The effect of PD166326 on leukemic cell signaling in vivo. (A) Bone marrow protein lysates from mice with the CML-like disease on chronic PD166326 (PD16), imatinib mesylate, or placebo therapy were analyzed by anti-phosphotyrosine immunoblot. A protein size marker (M) is shown at far left. (B) Spleen protein lysates from PD16-, imatinib mesylate–, or placebo-treated mice were subjected to anti–Crk-L immunoblot (IB) as a surrogate marker of Bcr/Abl kinase activity in vivo. The positions of the upper (phosphorylated; p-Crk-L) and lower (Crk-L; nonphosphorylated) forms are shown at right. The ratio of p-Crk-L/Crk-L was quantitated by densitometry and is shown at the top of each lane.
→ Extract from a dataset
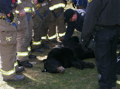 The bear remained wedged in a web of branches until it was shot with a tranquilizer dart Sunday. The bear hung on for 10 minutes before dropping neatly into a taut net set up below.
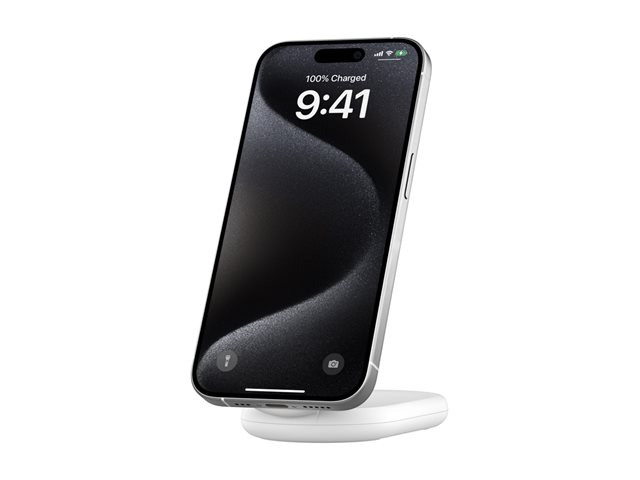 The Belkin BoostCharge wireless charging stand is designed for cellular phones, providing a seamless charging experience with a power output of 15 W. Featuring a USB-C to USB-C cable with a length of 1.55 m, this stand supports fast charging through Power Delivery 3.1 technology while also ensuring compatibility with MagSafe. Its magnetic alignment feature ensures proper positioning of devices for optimal charging.

Parental or P210-Ba/F3 cells are shown in the bottom panel as a control. (C) The same samples in panel B were immunoprecipitated with anti-Lyn antibody and probed with an antibody that recognizes activated (pLyn) or total Lyn protein. (D) The same samples in panel B were probed with an antibody that recognizes activated (pERK) or total ERK1/2. The average pERK/ERK ratio by densitometry was 0.8 for PD16, 0.5 for imatinib mesylate, and 0.6 for placebo samples. Lysates from parental (p) and Bcr/Abl-expressing (B) Ba/F3 cells, or NIH 3T3 cells (-) are shown at far left in each panel as controls. The positions of P210^BCR/ABL, Lyn, and ERK1/2 are indicated at the arrows.

Figure 8.

PD166326 prolongs survival in a murine model of imatinib mesylate–resistant CML. Mice with the CML-like disease induced by the imatinib mesylate–resistant Bcr/Abl mutants H396P (A), M351T (B), or T315I (C) were randomly assigned to treatment with PD166326 (25 mg/kg orally twice a day; ▴), imatinib mesylate (100 mg/kg orally twice a day; •), or placebo (▪) and analyzed for survival according to the method of Kaplan and Meier. The number of animals (N) in each cohort is shown at right. Imatinib mesylate did not prolong the survival of any of the groups. PD166326 prolonged the survival of P210/H396P (P < .001) and P210/M351T (P = .03) animals, but not T315I/P210.